In a paper published in the May 20, 2012, edition of the journal Nature Physics, a research group from the Department of Physics and Astronomy at Stony Brook University reports the development and demonstration of a novel probe for atomic quantum matter. The paper, “Probing an Ultracold-Atom Crystal with Matter Waves,” describes a proof-of-principle experiment on the diffraction of atomic de Broglie waves from a strongly correlated gas of atoms held in an optical lattice.
“Our work extends matter-wave diffraction, a technique that has already proven useful in various scientific disciplines, to the realm of ultracold quantum matter. What we demonstrated is similar to the diffraction of neutrons for the characterization of solid-state systems, but at energies that are a billion times lower,” said Dominik Schneble, an associate professor in the Department of Physics and Astronomy at Stony Brook, who led PhD students Bryce Gadway, Daniel Pertot and Jeremy Reeves in conducting the research.

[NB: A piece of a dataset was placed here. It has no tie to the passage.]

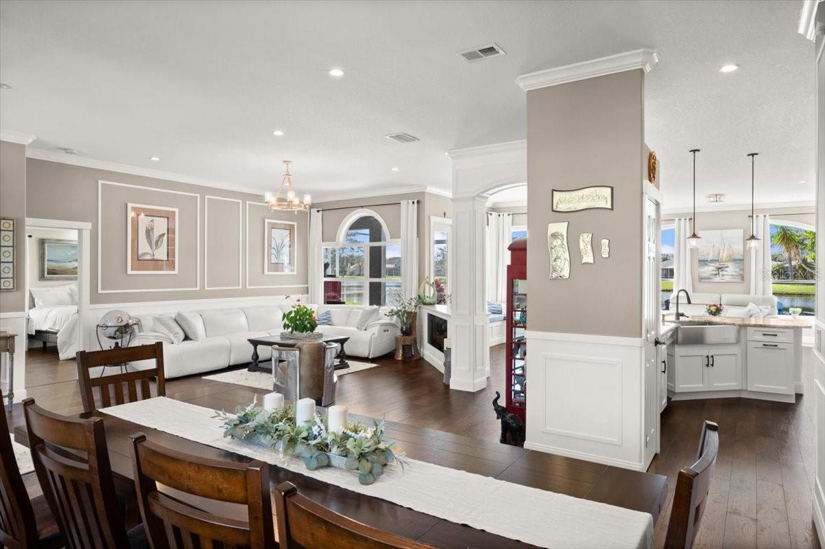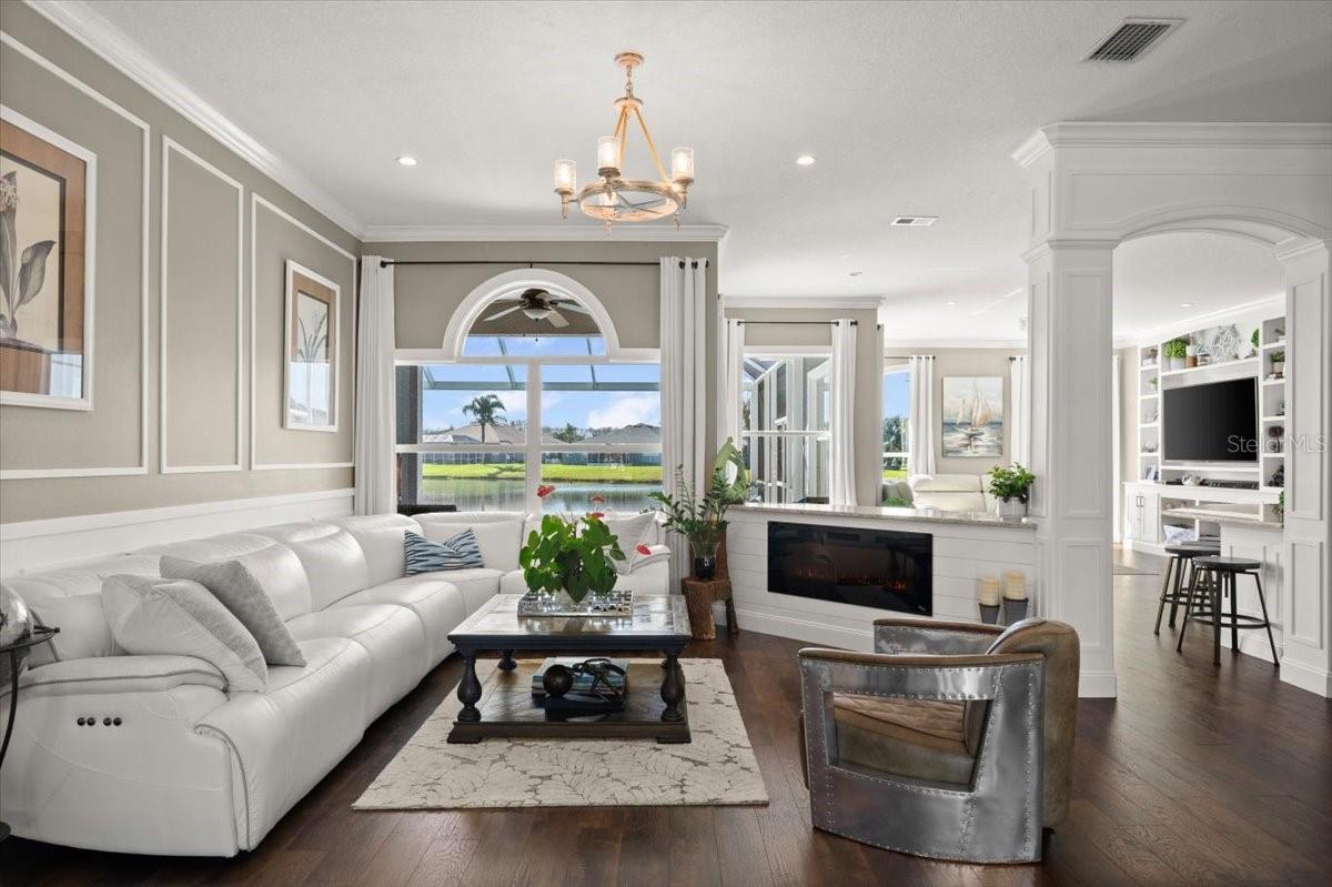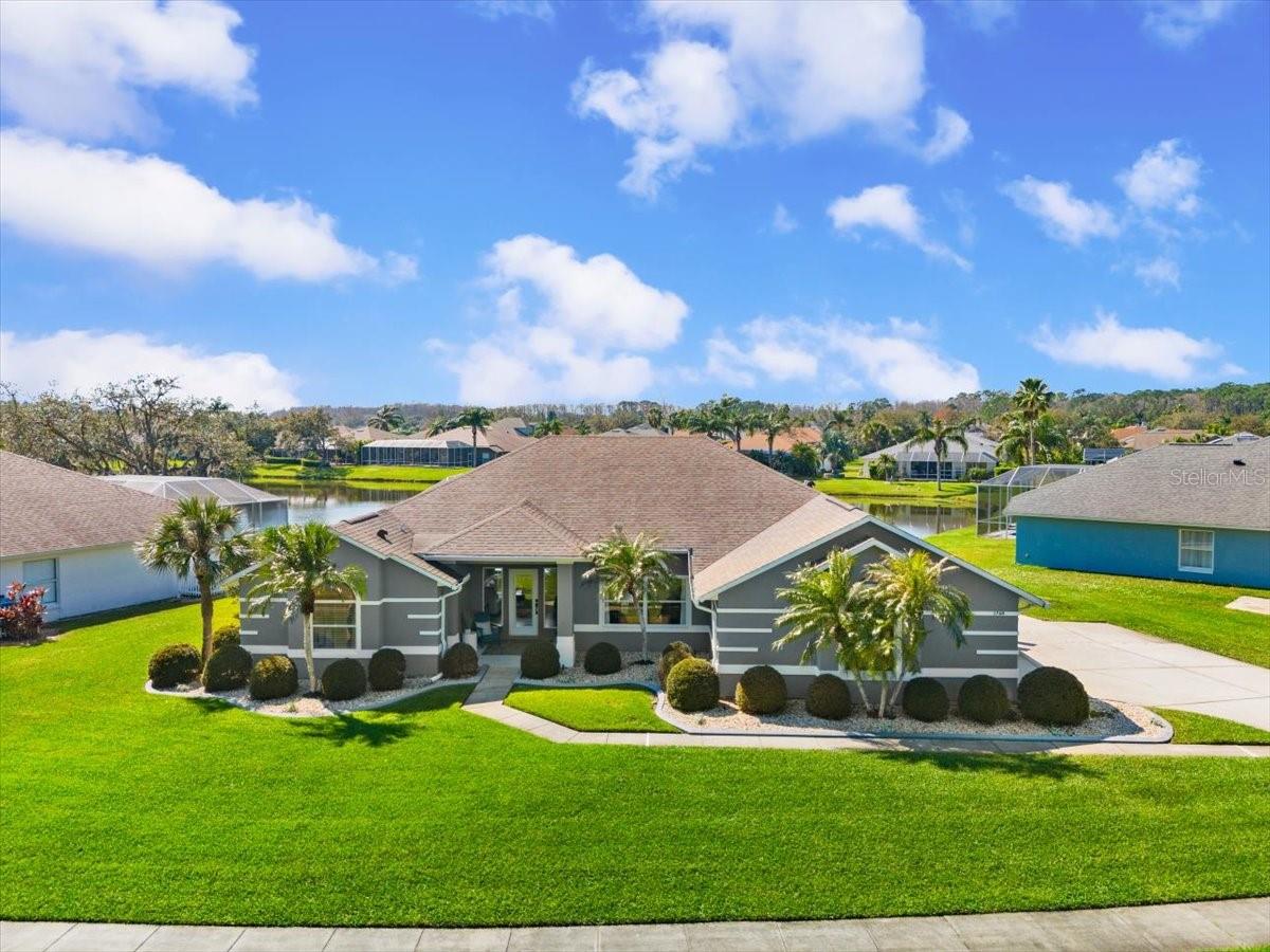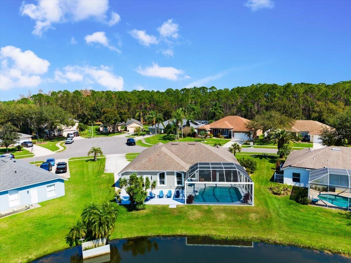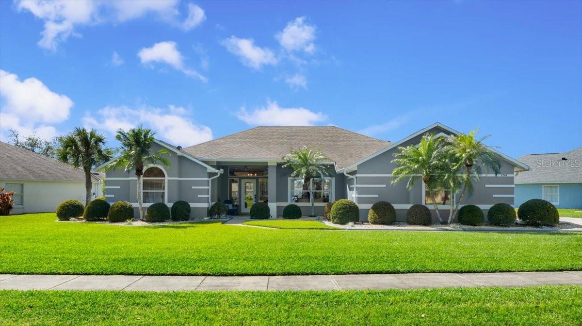 THIS IS AN INCREDIBLE OPPORTUNITY TO OWN A STUNNING ONE-OF-A-KIND 4-BEDROOM 2-BATH LAKEFRONT POOL HOME FEATURING CUSTOM UPGRADES, EXQUISITE DETAIL & BREATHTAKING WATER & SUNSET VIEWS. LIVE THE LUXURY LIFESTYLE IN THIS GORGEOUS ICI WESTMINSTER SPLIT-BEDROOM MODEL. IMPRESSIVE DOUBLE DOOR ENTRY INTO FORMAL LIVING & DINING ROOMS FEATURING GORGEOUS CUSTOM WOOD PANELING, TRIM & MOULDING, LUXURY VINYL PLANK FLOORING & SHIPLAP FRAMED ELECTRIC FIREPLACE W/CUSTOM WINE BAR ON OPPOSITE SIDE... REMODELED GOURMET COASTAL KITCHEN OFFERS OVERSIZED WOOD CROWN TOPPED CABINETRY, NEWER STAINLESS APPLIANCES, INCLUDING FLAT RANGE W/ VENTED HOOD...STACKED STONE BACKSPLASH, GRANTE COUNTERS, CUSTOM PANTRY W/PULL-OUT DRAWERS, EXTENDED BREAKFAST BAR & EAT-IN BREAKFAST NOOK W/BUILT-IN BENCH SEATING OVERLOOKING POOL DECK...SPACIOUS FAMILY ROOM CREATES THE PERFECT RELAXATION SPACE W/LOTS OF NATURAL LIGHT, CUSTOM BUILT-IN FLOOR TO CEILING WOOD WALL UNIT. PRIVATE PRIMARY SUITE W/DOUBLE TRAY CEILING CROWN MOLDING & SLIDER ACCESS TO COVERED LANAI & POOL DECK... SPA-LIKE BATH FEATURES TILE FLOORING, DOUBLE SINK VANITY, FLOOR TO CEILING TILED WALK-IN SHOWER W/GLASS SUBWAY TILE ACCENT, GARDEN TUB & TWO SPACIOUS WALK-IN CLOSETS... SEPARATE WING W/THREE BEDROOMS & UPDATED FULL BATH W/NEW DOOR TO OUTSIDE PADIO & POOL DECK. ENJOY ENDLESS DAYS AND NIGHTS RELAXING ON NEW SCREENED-IN POOL DECK & COVERED LANAI OR KICK BACK AND TAKE IN THE BREATHTAKING SUNSETS OVER THE LAKE FROM OPEN PAVER PATIO... HOME ALSO INCLUDES SIDE ENTRY OVERSZED TWO CAR GARAGE REMODELED W/APOXY FLOORING... NEWER AC & HOT WATER HEATER... NEW GUTTERS, NEW EXTERIOR WINDOW TRIM & NEW POOL PUMP. THE WATERS EDGE COMMUNITY OFFERS BEAUTIFUL LAKES, NATURAL SCENERY AND YEAR ROUND OUTDOOR ACITIVITIES... NEARBY CITY PARK W/PLAYGROUND, TENNIS/PICKLEBALL COURTS AND BASKETBALL... ZONED FOR CYPRESS CREEK ELEMENTARY, CREEKSIDE MIDDLE AND SPRUCE CREEK HIGH SCHOOL... JUST A FEW MILES TO THE PAVILION SHOPPING CENTER, RESTAURANTS AND ABOUT TEN MILE DRIVE TO THE BEACH...

In the experiment, an artificial atomic crystal is prepared by loading bosonic atoms, cooled down to a few billionths of a degree above absolute zero, into a miniature egg-crate-like potential landscape that is generated by several interfering laser beams. The behavior of atoms in this optical lattice closely mimics that of electrons in a conventional solid, but at a lattice period that is three orders of a magnitude larger, providing the experimenters with exquisite control over all relevant parameters in a defect-free system. By increasing the depth of the optical potential, it is possible to reduce quantum-mechanical tunneling and eventually drive the interacting atoms into a localized crystalline state, a Mott insulator.
Studies of such and other strongly correlated phases, which are now conducted at a number of laboratories around the world, have recently propelled ultracold atomic physics into the focus of modern condensed-matter research, and the development of methods to characterize such phases is a central concern. The Stony Brook researchers recognized that Bragg diffraction of atoms may provide a simple yet powerful diagnostic tool that also allows for non-destructive probing.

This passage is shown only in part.